The clinical history of the more invasive direct method of hypoglossal nerve stimulation (HNS) therapy dates back to the four-centre trial evaluating unilateral HNS in eight patients with OSA [2]. This study converges with the first ever surgical procedure for implantable HNS therapy in a human OSA patient at the Antwerp University Hospital in Edegem, Belgium, in June 1996. The hypoglossal nerve stimulation system evaluated in this study (Inspire I stimulating system, Medtronic Inc., Minneapolis, MN, USA; Fig. 4.2) was designed to synchronize the delivery of the CN XII stimulation with the patient’s inspiration using an implantable intrathoracic pressure sensor, a programmable pulse-generating system, and a stimulating half-cuff silicone-insulated, guarded, bipolar platinum electrode placed around the main trunk of the nerve at the left side. Using an external programming unit the stimulation parameters and inspiratory sensing algorithms could be adjusted. Impulses were delivered to the hypoglossal nerve via a lead. A self-controlled programming unit was provided for patients to initiate and terminate electrical stimulation. The findings of this particular study could confirm the safety, feasibility and therapeutic potential of implanted HNS with a significant reduction of AHI [2].
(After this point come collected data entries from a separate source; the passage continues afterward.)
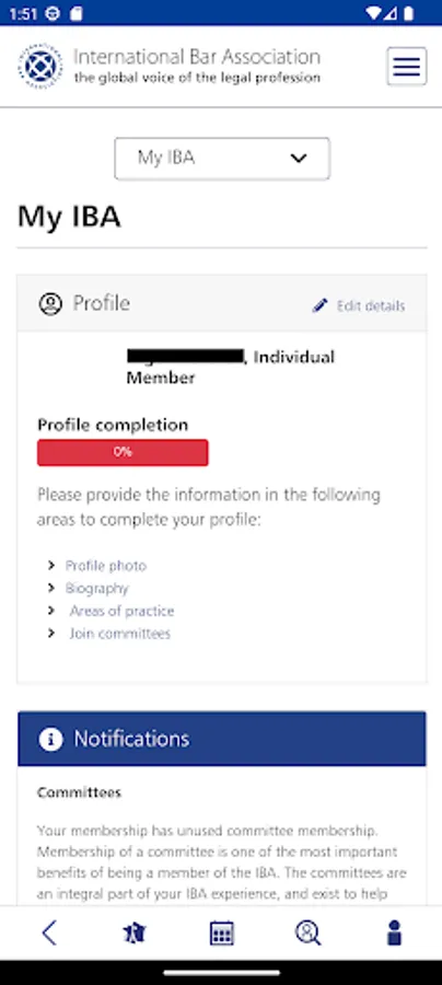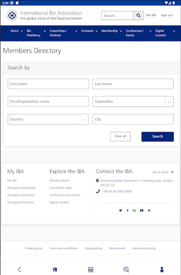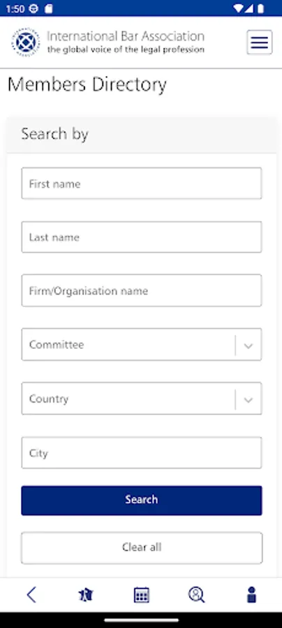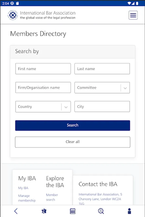 • Search members’ profiles using Name, City, Country, Committee and Area of Practice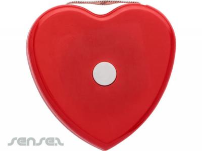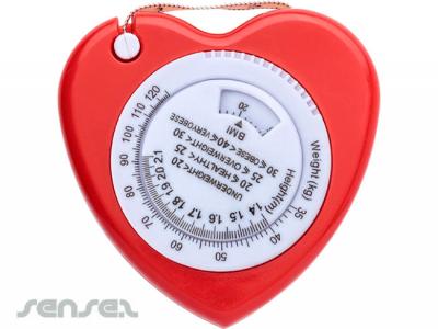 Plastic, 1.5 mt, heart shaped, BMI tape measure, with a white stop button, includes a weight (KG) and height (Mts.) indicator on the front. Perfect for fitness promos!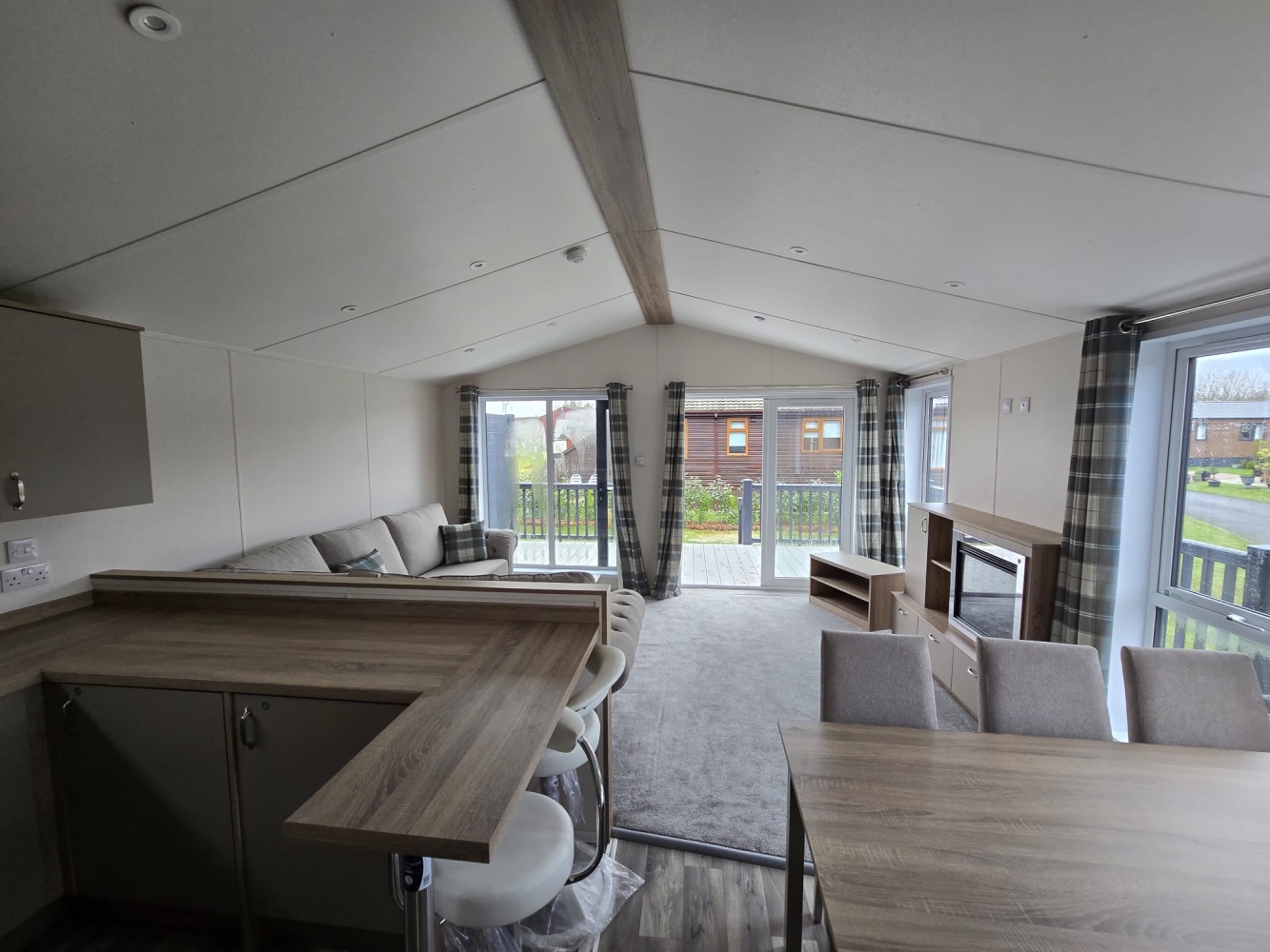 The Mountview Lodge at High Farm Holiday Park offers premium residential-spec comfort in a spacious 40x16ft layout. Finished with a full wrap-around decking, it’s designed for relaxing outdoor living as well as cosy year-round stays. Thoughtful interior details and a high-quality build make this lodge ideal for both holiday escapes and extended breaks. Available for sale at £129,900
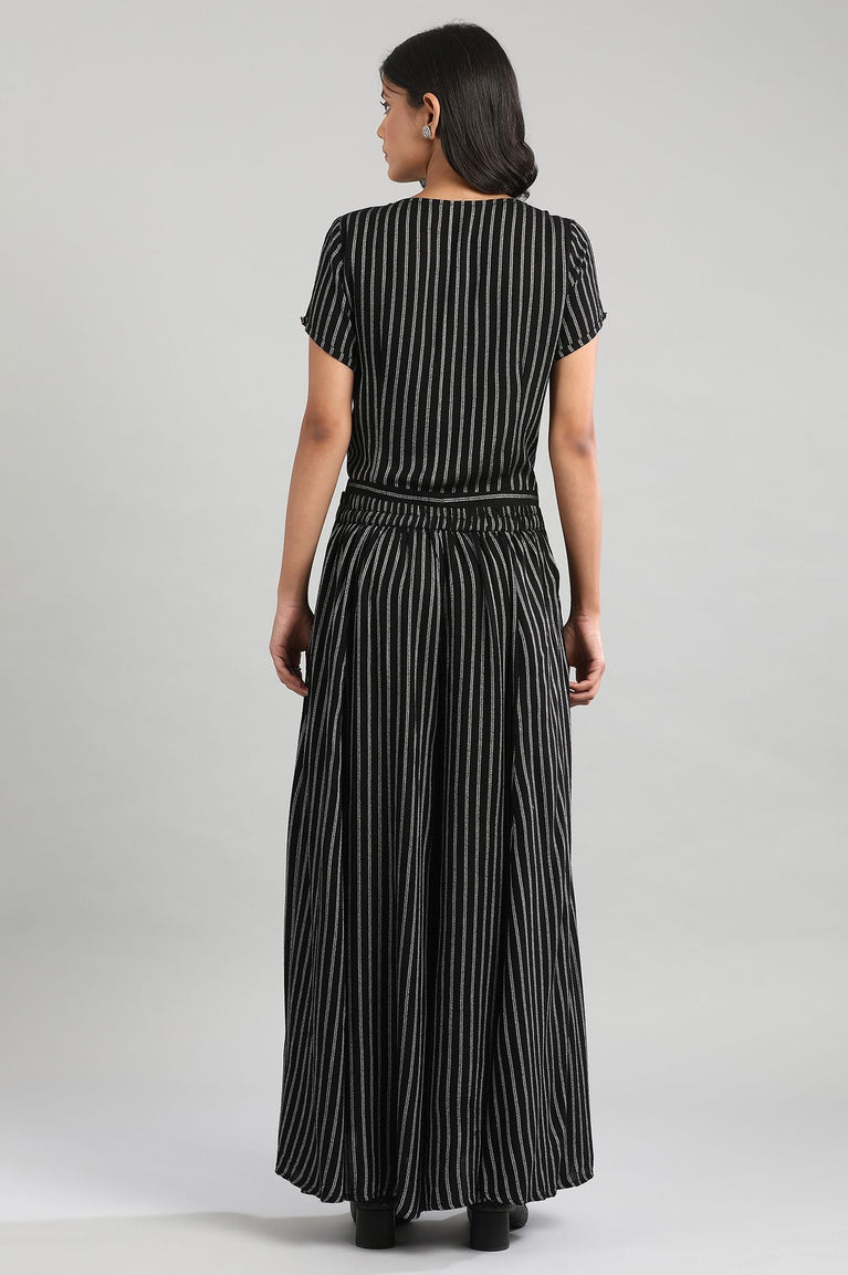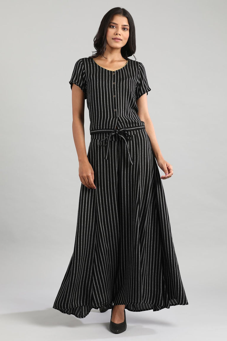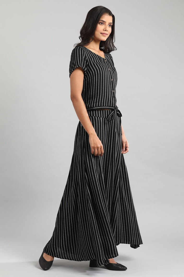 Black Round Neck Yarn-Dyed Top

The learnings from that early experience in eight OSA patients included that implanted HNS synchronized with ventilatory effort during sleep may indeed provide a potential treatment for OSA and that improvements in OSA were related to CN XII dependent muscle recruitment and not to arousal. During the study, however, there were some technical issues related with stimulation hardware and software [2, 18].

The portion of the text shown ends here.